Desmedt’s team is experimenting with channels like Instagram as a way to create presence and awareness in a changed B2B industry where more people work remotely. « Presence on these channels is not as much about nurturing leads as creating brand presence and unveiling the human side behind a logo. » While experimentation has its value, he cautions, not every trend is worth exploring. For instance, while video content is a central focus and his team is investing in sound-off video on mobile devices for B2B buyers, a sound-on platform such as TikTok, despite its popularity, may not be a good fit for a B2B brand. “There has to be proven added value from a trend to make it worth investing marketing dollars in them,” he added. 

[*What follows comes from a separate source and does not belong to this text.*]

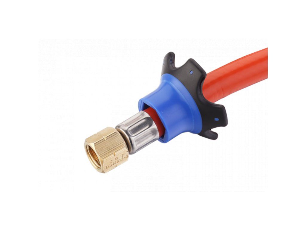 Typ plynové hadice a regulátoru závisí na zvoleném zdroji plynu (kartuše nebo plynová láhev). Pro kartuše EN417 je vhodný právě tento regulátor s integrovanou hadicí.

Sharma sees voice search as an emergent technology worth experimenting with — specially to address on-the-go customers who prefer minimal physical contact with devices due to the pandemic. “It is a key element we will weave into our 2022 marketing plans as well as mobile ads plan. We’ve already seen success with inbound leads using chatbots in 2021 — I plan to scale that program, while investing in the building blocks of robotics, AI, and ML for a stellar online experience for couch B2B buyers who prefer a digital-led, frictionless buying experience,” she said.

Related Article: When Did B2B Marketing Become So Complicated?

If Planning Changes, So Will Performance Evaluation

Conversations and conversions seem to be the new keywords for marketing performance as we head into 2022.

Vaswani said that while marketing-specific KPIs are important, his focus is on aligning marketing goals to business goals and cementing the role of growth marketing as a revenue-generator. “My team’s two main KPIs on which we will measure performance will be ‘marketing-sourced conversions’ and ‘marketing-influenced wins’.”

Conversations are gaining in importance in B2B marketing, said Desmedt, noting it’s increasingly forming the basis of marketing evaluation for them. “How quickly we responded, how long the conversation lasted; when and why did it speed up, slow down, pause or end?” Instead of prospects going through a set funnel, they will focus on ongoing conversations through the journey — from exploration to consideration, conversion and beyond (adoption and customer success). To make the conversation more effective, they are mixing in different teams into the conversation — not just marketing. “For us, marketing performance is less about campaign and sales, and more about the level of interaction and engagement of prospects, clients and their lifetime value.”